Oda, I see you are getting tired with this too. I think I got it finally, bare with me if you will.

Problem: volatility risk too high

Solution 1: Reduce Kelly Size
- Reduces volatility risk = yes
- Reduces returns = yes
- Reduces counterparty risk = no

Solution 2: Reduce invested amount
- Reduces volatility risk = yes
- Reduces returns = yes
- Reduces counterparty risk = yes

(ffs, I can't keep myself out of the discussion... compulsive gambling, compulsive discussing, it's all the same Tongue)

I don't disagree with your table, but as was pointed out before, there's no way to exactly quantify the counter-party risk here, so from what we *can* quantify (volatility, returns) Bitsinmyhead's point still stands.

And in any case, the point I tried to get across before was a different one anyway: the entire j-d system is dynamic, not static, and influenced by human reaction. Ignoring those (possibly irrational) reactions is *irrational* itself. Maybe the most relevant case: when bank size starts dropping because of the high variance, people get nervous and pull out, bank size drops further, people will get even more nervous, etc.

Granted, we weren't quite there yet yesterday, but we were getting close, with all those paranoid remarks like "Dooglus = nakowa", or "nakowa cracked SHA".

Can you please try to at least see my point, even if you ultimately won't agree with it: this entire discussion reducies the correct maxbet size to the Kelly formula, but doing so ignores an important aspect in managing profit and risk -- that not all actors asses risk the same way. All other things being equal, higher maxbet means higher variance, which means the bank can be brought closer to zero. Some of us (me included) are willing to sit that out and trust that the whale will eventually run out of luck, and will be harpooned by the 1% edge, but for other actors, this swing is too much. I'm not saying we have to agree with them, but it's not correct either to say they're acting "irrational".


Well, Oda is the one saying "investors wanted to go to fractional kelly", and I'm just piling up facts that seem to indicate the opposite. I'm also asking where are those investors, and who they are. I see forums and J-D chat full of people wanting to keep optimal kelly, polls with 2/3 of people wanting optimal kelly, and I didn't see such an amount of divestments. That's all. Plus, everybody who invested sent their money to a site that had 1% max profit. I want to assume the majority of people think before investing, and calculate what kind of returns they will probably get. I for one did it, and the hard cold fact is that the expected yearly return is now MUCH lower than when I invested.

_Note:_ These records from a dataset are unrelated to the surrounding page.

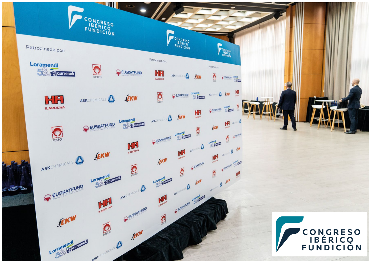
Patrocinadores del Congreso Ibérico de Fundición.

Después de meses de preparación, por fin celebramos el Congreso Ibérico de Fundición en Madrid, organizado por la FEAF, FUNDIGEX y APF (Associação Portuguesa de Fundação) y patrocinado por LORAMENDI & AURRENAK, FOSECO, EUSKATFUND, HUTTENES ALBERTUS ILARDUYA, ASK CHEMICALS y EKW GmbH Sucursal en España.
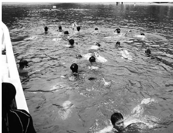
シュノーケリング講習
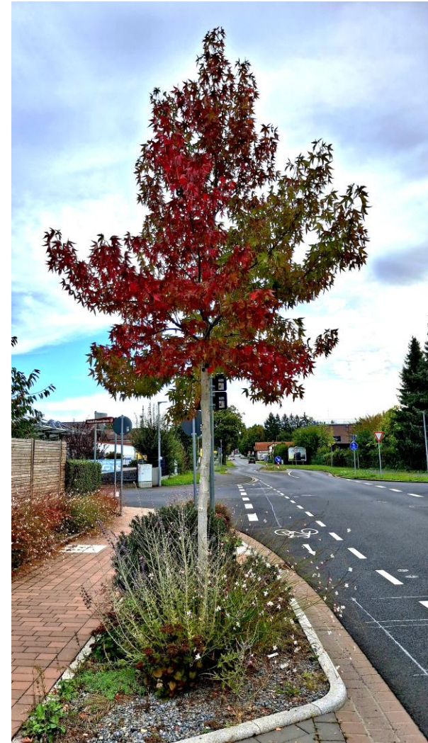
Amberbaum in Hösbach
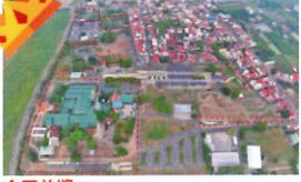
金石首獎 類 別：優良公共建設類 組 別：施工組 得獎機關：高雄市政府都市發展局 案 名：東北區之驛：旗山溪左岸旗尾地景暨工業地景改造工程
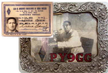
O RADIO AMADOR - “SENTINELA DE CÁCERES”

Como membro da Loja Maçônica União e Força, ocupou várias funções, participando do lançamento da pedra fundamental das suas atuais instalações; Venerável Mestre da Augusta e Respeitável Loja Simbólica União e Força; Fundador da “Escola União e Força”; homenageado com seu nome dado à 1ª Escola de Contabilidade de Cáceres: Escola Técnica de Comércio Raimundo Cândido dos Reis.
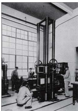
▲ 神戸高等工業学校のコンクリート試験機 1924(大正13)年頃に購入された(ドイツ製)。1935(昭和10)年頃
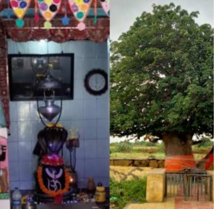
લખપત તાલુકાના દયાપરથી ત્રણ કિલોમીટર દુર કમલેશ્વર મહાદેવનું અતિ પ્રાચીન શિવાલય આવેલું છે. આ મંદિરની વિશેષતા એ છે કે મંદિરની બીલકુલ સામે થોડે દુર એક કલ્પવૃક્ષ આવેલું છે જે એક હજાર કરતા પણ વધારે વર્ષ જુનું હોવાનું કહેવાય છે. આવા કલ્પવૃક્ષ ભારતમાં માત્ર બે જ જગ્યામાં આવેલા છે એક અહીં તેમજ બીજું હિમાલયમાં આવેલું હોવાનો ઉલ્લેખ છે. આ વૃક્ષમાં જો કોઈ પણ જાતના પ્રહાર કરવામાં આવે તો એમાંથી લોહી નીકળતું હોય એવા લાલ રંગનું પ્રવાહી નીકળે છે થી શ્રાવણ માસ દરમિયાન અહીં દુર દુરથી મોટી સંખ્યામાં ભાવિક ભક્તો ઉમટી પડે છે. ભજન કીર્તન, મહા આરતી સહિત ના કાર્યક્રમો યોજવામાં આવે છે.
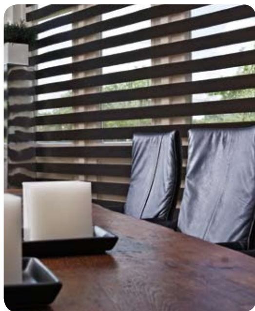
open, voor vrij doorzicht

Wanneer het duo rolgordijn volledig neergelaten is, heeft de stof altijd de gesloten stand. Dit biedt privacy doordat de niet-transparante banen hoger zijn dan de transparante banen en elkaar dus voldoende overlappen.
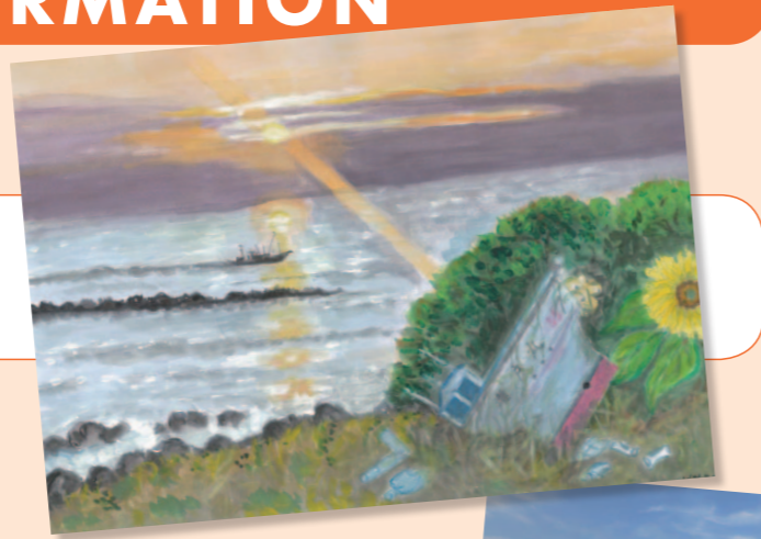
東日本大震災 復興フォト&スケッチ展

UR都市機構では、「東日本大震災 復興フォト&スケッチ展 2015」及び「UR賃貸住宅 団地景観フォト&スケッチ展 2015」という2つの公募展の作品を募集しています。各テーマに合わせて皆さまの写真、スケッチをお寄せください。
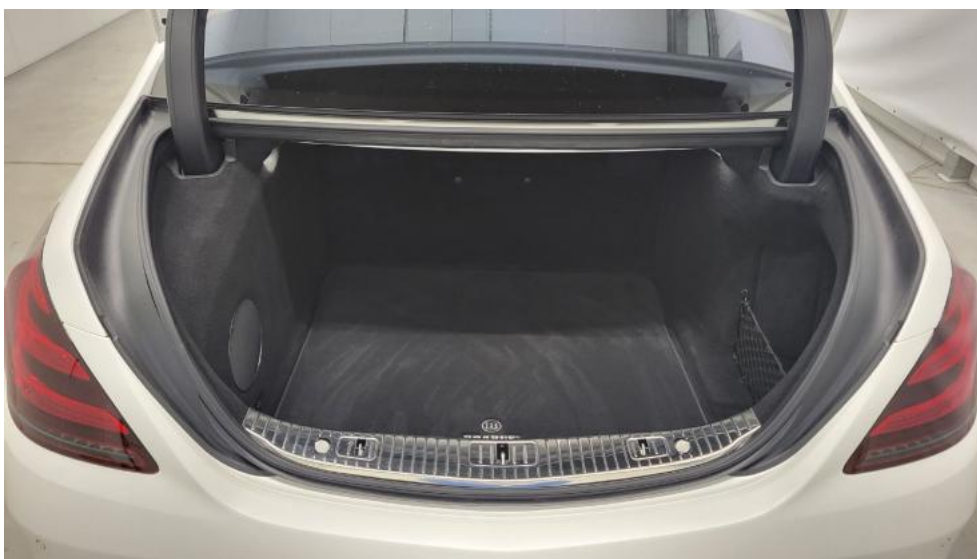
Photo 19. Bagażnik
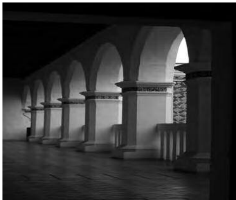
Imagen 1. Claustro del Ex-convento de Santa Mónica, Puebla, Puebla.

cerrados asociados con las mujeres, entre otros fundamentos teóricos o de ciertos componentes del feminismo y bajo consideraciones muy específicas de la violencia simbólica y otros aspectos de este tipo de desigualdad social.
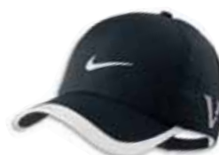
510638 Black Noir
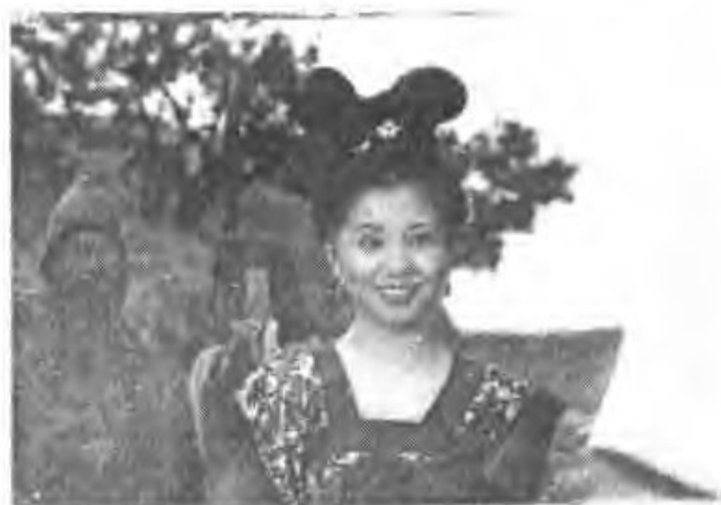
▲ 著名演员潘好好在电视剧《新少林寺》饰女主角牧羊女。拍摄地点——蔚县涌泉庄。
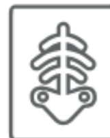
RADIOGRAFIE (nel secco residuo)
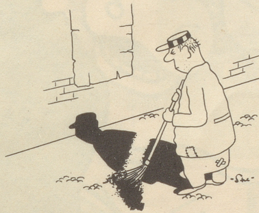
Der gewissenhafte Straßenkehrer!

«Wenn i nid sälber albeneinisch chly gnoh hätt, hätt i ds Padänt nid usegslage.» FL

I said no such thing. I said opinions are divided on this -- though not necessarily equally. Even if the ratio of opinions on this would be 2/3 to 1/3, it would ridiculous to claim that *all* the investors share the same opinion. By the way, please include me in "dissenting opinion": *personally* I would have preferred that maxbet stays 1%, or maybe goes to 0.5%, but *considering other investors and how they might react*, I was sort of okay with the decision, as long as it isn't permanent.

Plus, can we please not entirely ignore the fact that site profit went from around -0.1% yesterday back to about -0.03%? No guarantee yet that it'll all work out just fine, but we're certainly on the right track.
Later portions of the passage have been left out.